Dlatego władza zmieniła ton. „Budżet nie jest z gumy” – przyznał premier. „Dajcie nam czas” – apeluje wicepremier Szydło. Strajk popieram, wynagrodzenie nauczycieli (nie tylko ich) woła o pomstę do nieba, ale czy poparcie jest wystarczające, by przechylić szalę na korzyść strajkujących? Żadna inna branża do strajku nie przystąpiła. Nie brak głosów, że nauczyciele wygrają tak czy owak, gdyż zdołali zwrócić uwagą społeczeństwa na sytuację w oświacie. Nie sądzę jednak, by strajkujący uznali każde rozwiązanie za zadowalające.

PiS wymyślił kolejne hasło: chcemy mieć płace jak na Zachodzie, a ceny jak na Wschodzie – mówią Kaczyński i Morawiecki. Trudno wymyślić większą głupotę, ale ci panowie dobrze wyczuwają nastroje i może „prosty lud to kupi”?

Za granicą trwają zaloty polsko-amerykańskie. Prezydent Andrzej Duda wybiera się w czerwcu do Stanów Zjednoczonych, gdzie może trafić do Białego Domu (tym razem może znaleźć się dla niego krzesło), by przypieczętować zwiększoną obecność militarną USA w Polsce. Jakie będą korzyści – wiadomo, jakie koszty finansowe i polityczne – to się dopiero okaże. Jak zareaguje Europa, Rosja, na ile solidnym i przewidywalnym partnerem jest Donald Trump?

Polska liczy na to, że prezydent USA weźmie udział w obchodach 80. rocznicy wybuchu II wojny światowej w Warszawie, Trump dobrze wspomina poprzednią wizytę. Jego obecność miałaby zachęcić do udziału przywódców innych państw, oczy świata byłyby zwrócone ku Warszawie, co w sumie byłoby przedwyborczym podarunkiem Zachodu dla rządu polskiego.

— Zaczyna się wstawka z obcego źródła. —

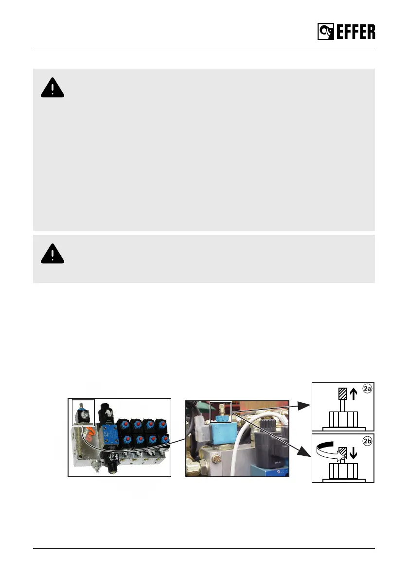 3. Activate the emergency operation of the main solenoid valve by pushing the spool and turning
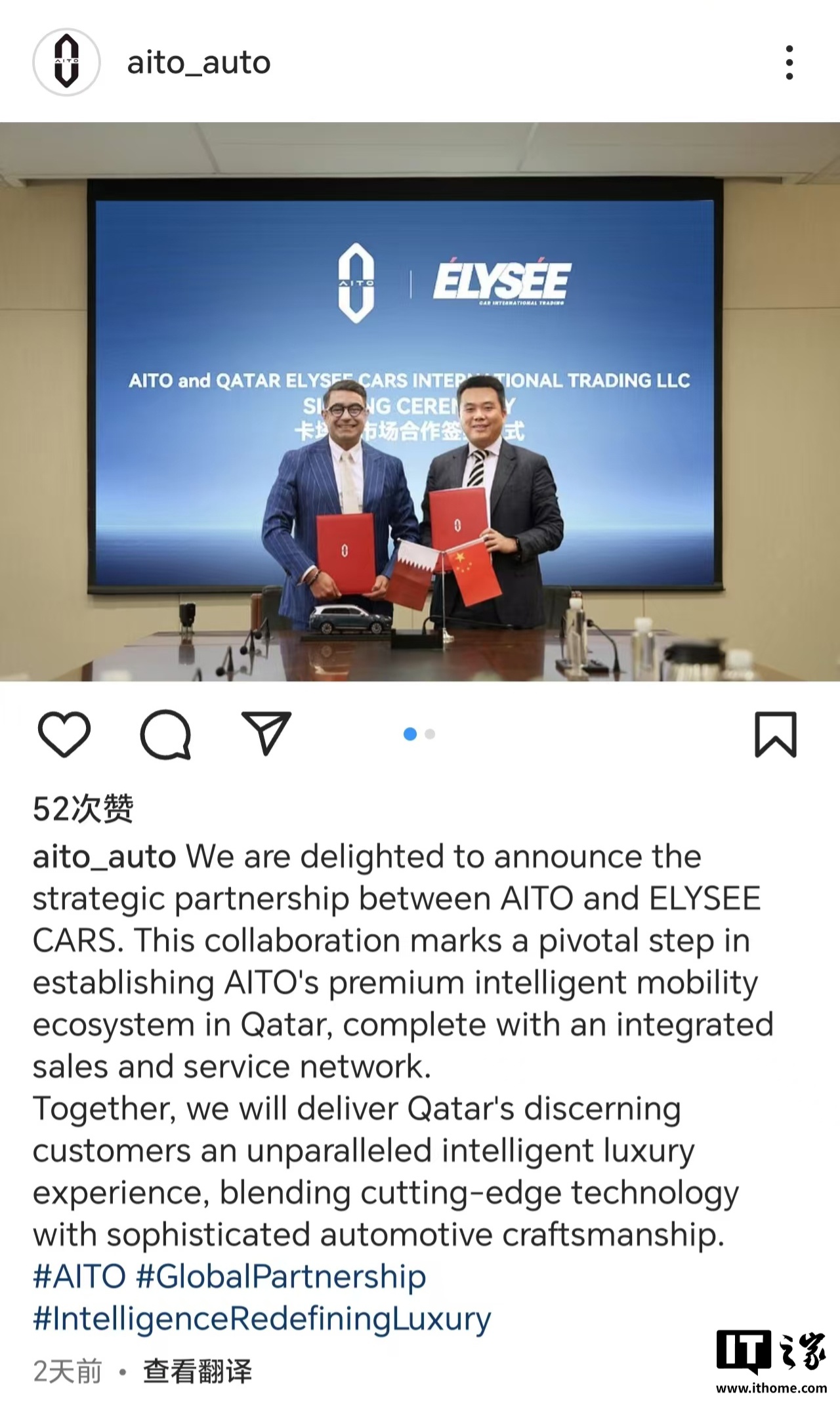 IT之家 3 月 9 日消息,AITO 问界本月发文宣布与 ELYSEE CARS 达成合作,官方称这项合作是其在卡塔尔建立拥有完整销售和服务网络的 AITO 高级智能移动生态系统关键一步。
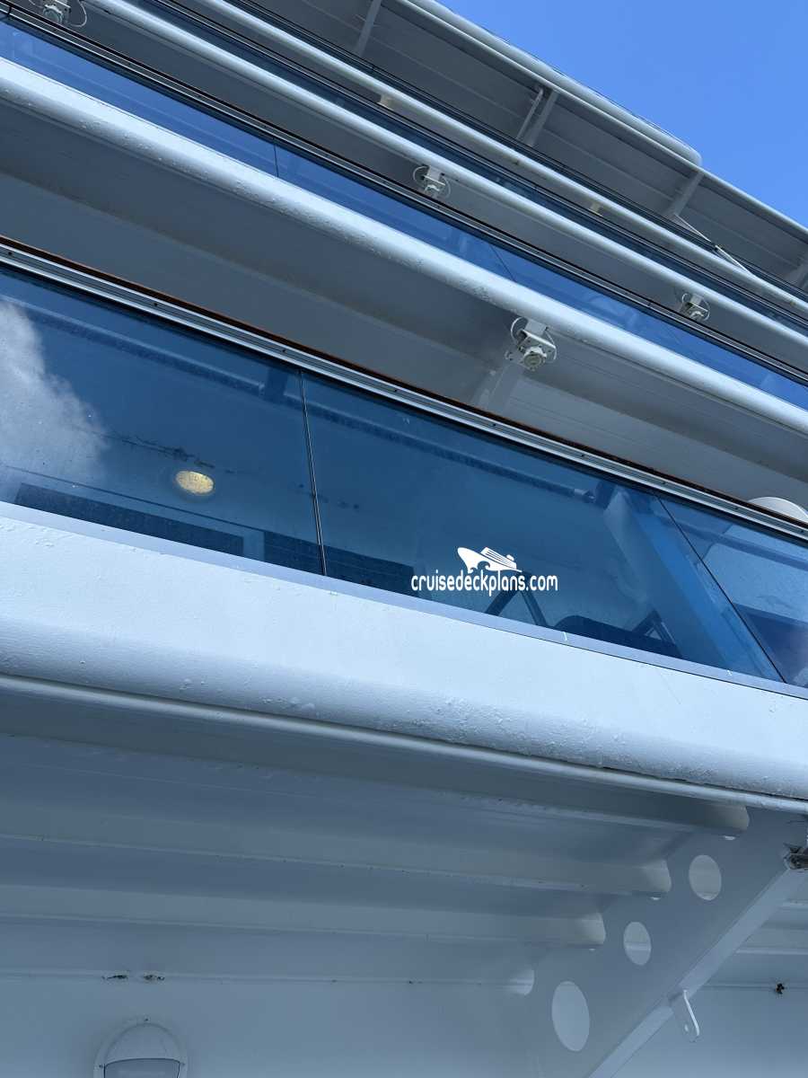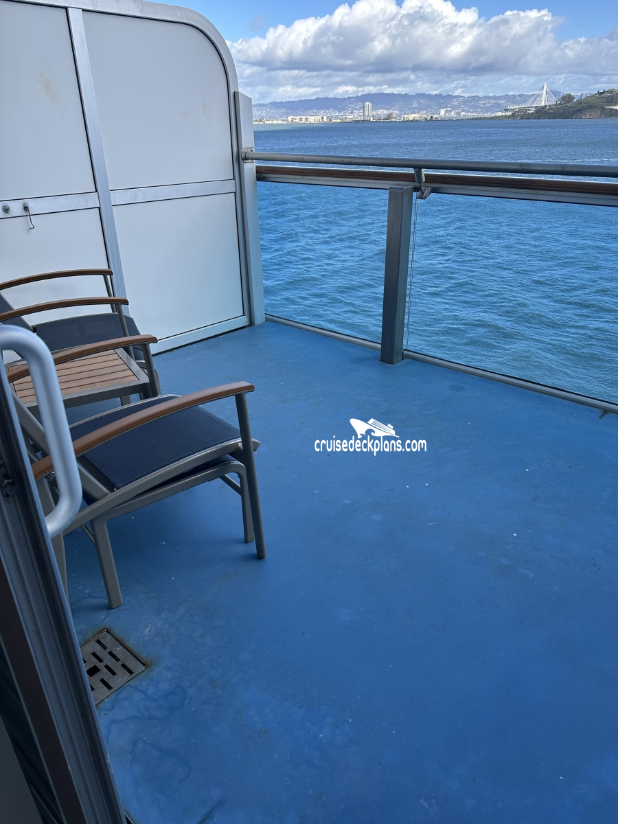 Balcony size ranges from 46 to 89 square feet. Caribe deck balconies are sized 9 ft. wide x 9 ft. deep and have ceiling overhang/balcony cover over the first 5 ft.
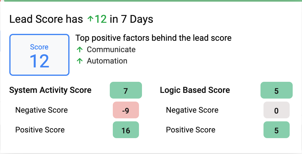Identify and re-engage low-scoring leads - Beyond prioritizing high-quality and high-intent leads, it gives you a clear picture of leads with low lead scores who might need some more nurturing, allowing you to re-engage these leads before it’s too late.
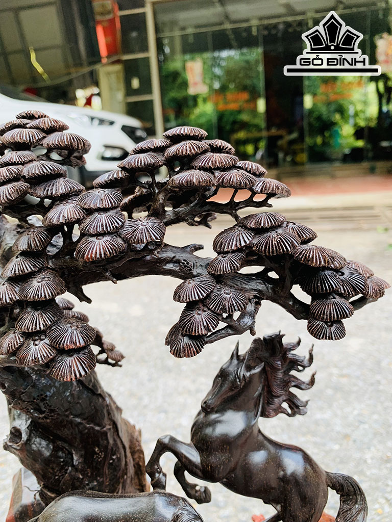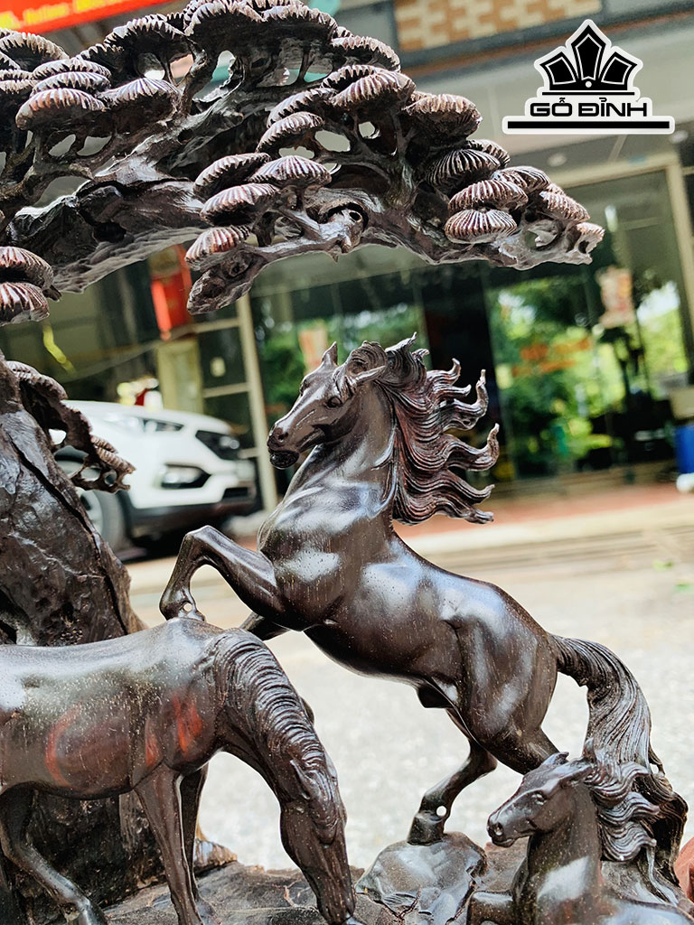 Tượng Gia Đình Ngựa Gỗ Trắc Cao 37 Ngang 35 Sâu 20 (cm)
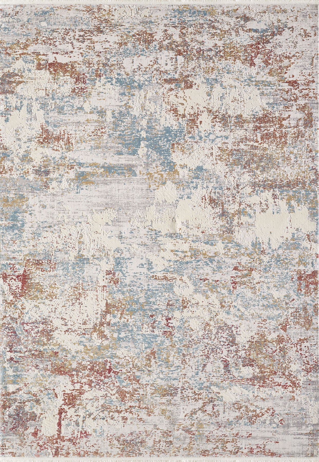 The Berkshire 18C rug is a striking piece of floor art, featuring a soft, abstract design that evokes the layered, textural look of a weathered fresco. The color palette is rich and scattered, blending sky blue, terracotta red, golden beige, ivory, and hints of grey in a non-linear, organic pattern that creates profound depth.
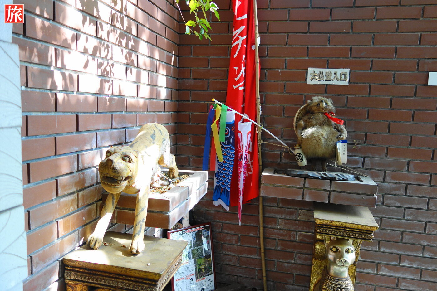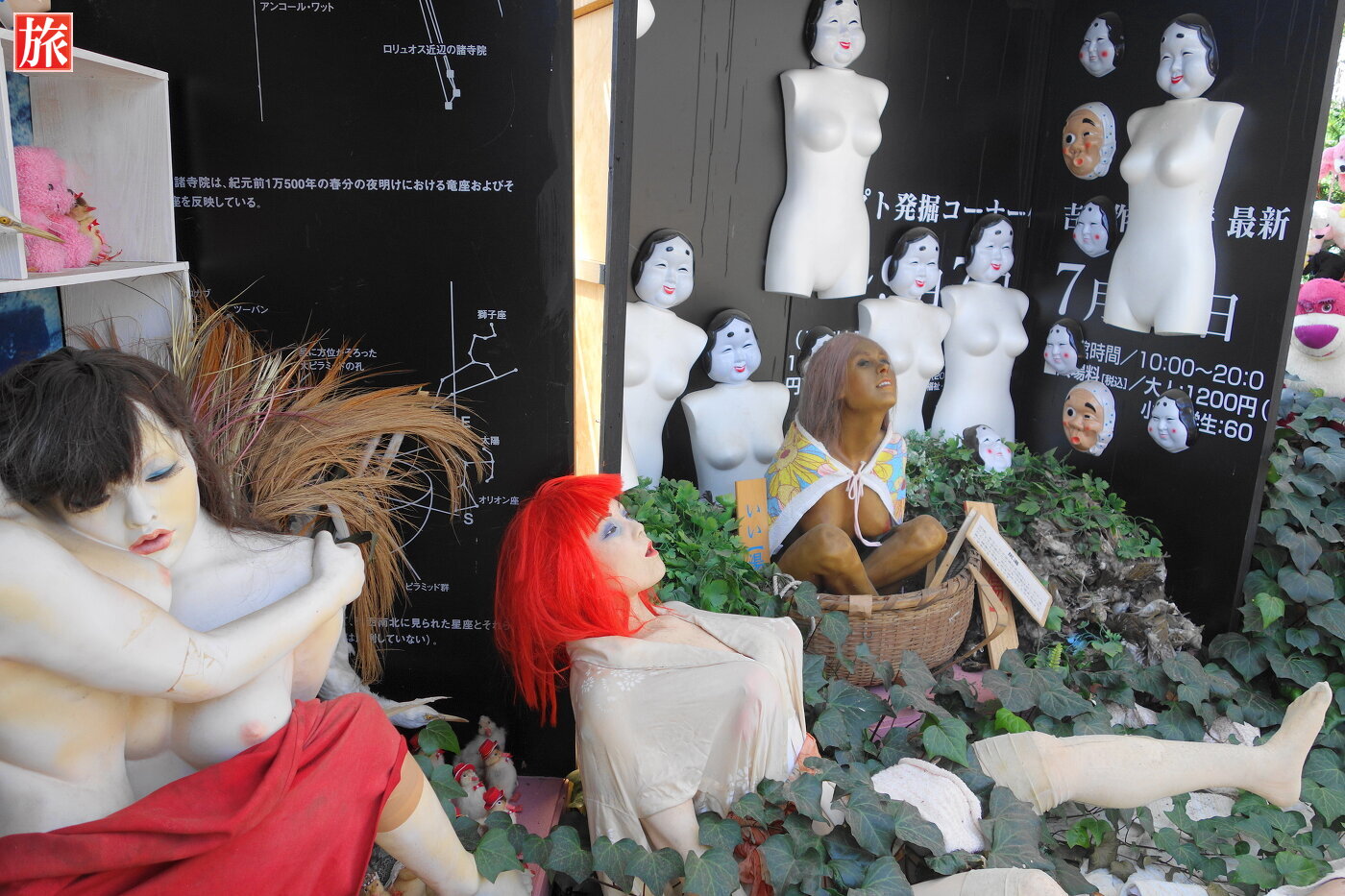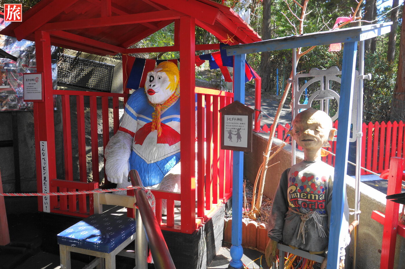 奇妙な人形達がお出迎え!入場受付に続くエントランスならぶ招き猫堂・トモダチ神社・・・
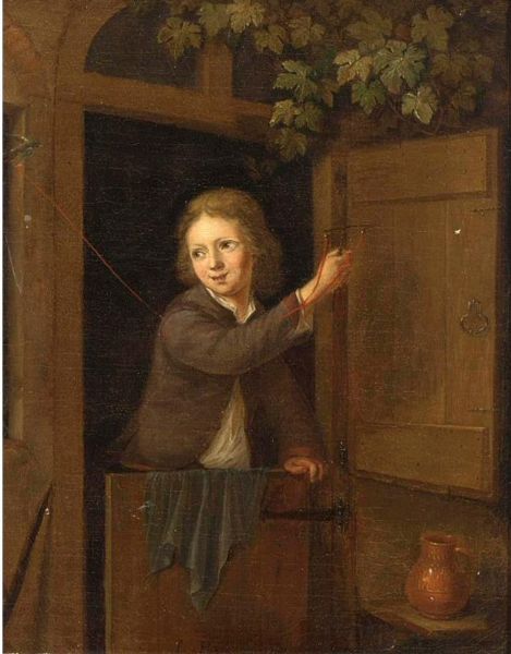 | A FINCH ON A FOWLING-LINE HELD BY A BOY STANDING IN A DOORWAY | |
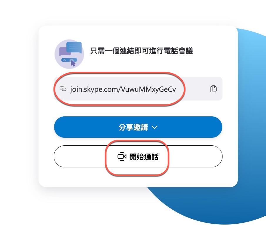 註:需使用 Google Chrome 瀏覽器或微軟自家的 Microsoft Edge 瀏覽器才能開啟,另外手機開啟的話只能安裝 Skype 或者有可能會開啟不了。
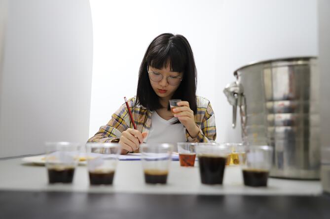 在实验室中,参与者认真品鉴每一款茶和咖啡,并且记录闻香、品香的感觉,进行专业评测。
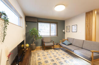 外壁、内装を新築のように仕上げてもらいたい、という希望が叶いました。私たちの漠然としたイメージをしっかりと提案に落とし込んでくれ、家具やランプなどを入れた最初のパースは仕上がりをイメージしやすかったです。施工中も問題が生じたときにスピーディーに対応いただき、不安なく進めることができました。細かい打合せを重ねた甲斐あって、住み心地は最高です!
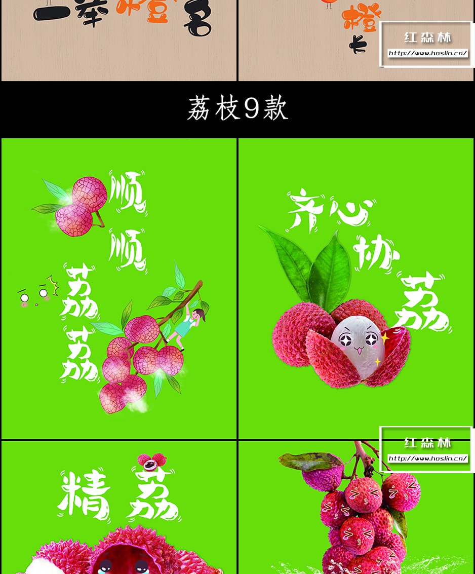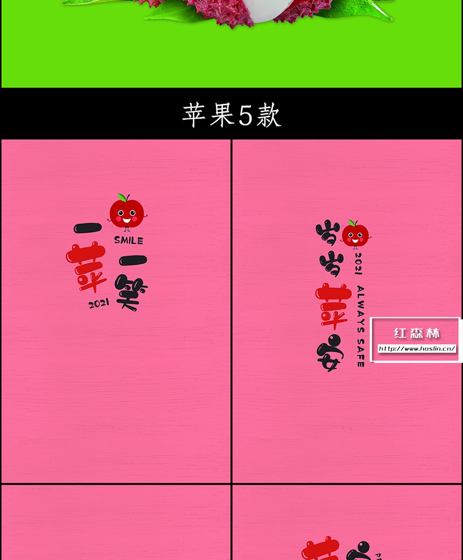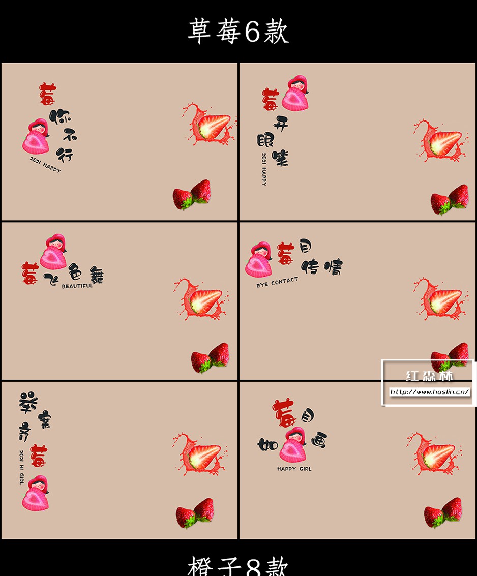 水果谐音儿童卡通背景模板 + PNG素材
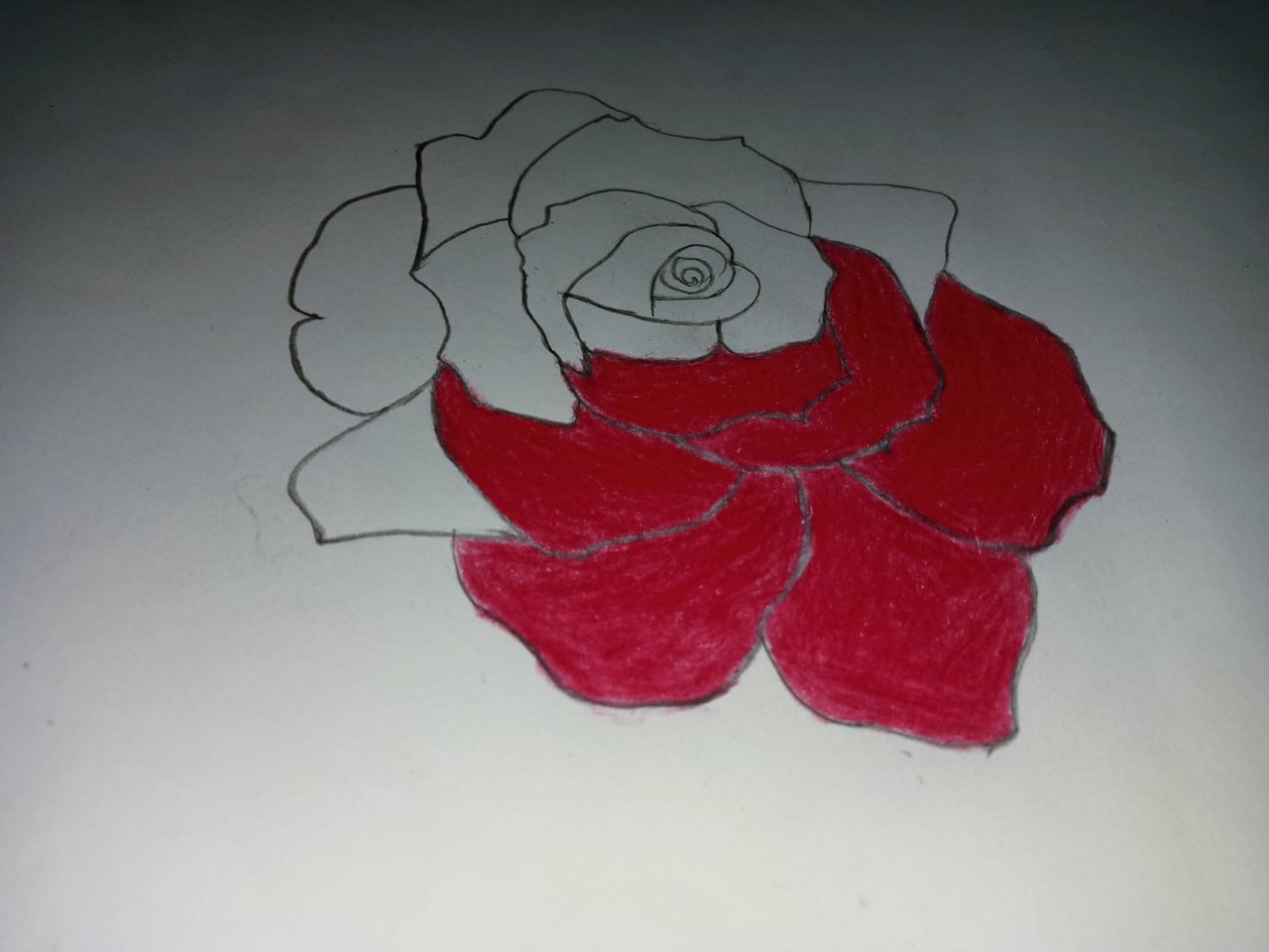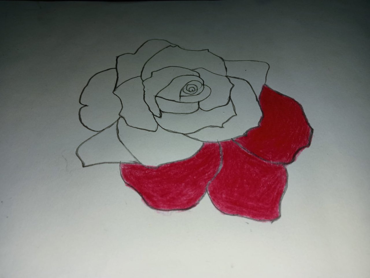 Now I colored the remaining petals on the left side. I finished coloring my drawn rose.
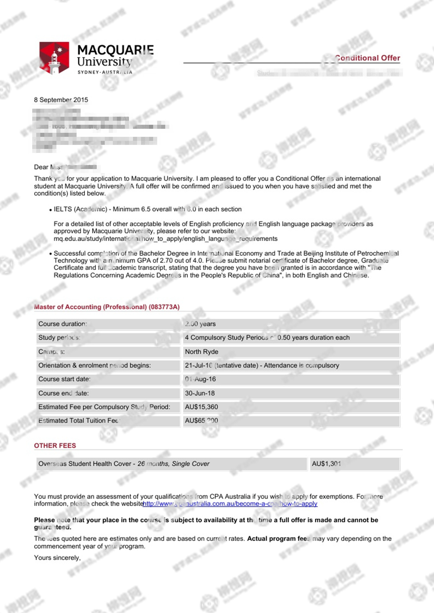 北京石油化工学院国际经济与贸易专业的乔同学,在柳橙网的帮助下获澳洲麦考瑞大学offer。

Wtedy trudniej byłoby mówić, że na arenie międzynarodowej jest izolowana.

Jak przyjedzie prezydent „Hameryki”, to prosty lud z radością to kupi. Wszak jeszcze niedawno Waszyngton beształ Warszawę za ograniczanie wolności słowa (zagrożenie TVN) czy ustawę o IPN. Teraz zamiast kary może być nagroda. Tak przynajmniej to odbiorą „straszni mieszczanie”.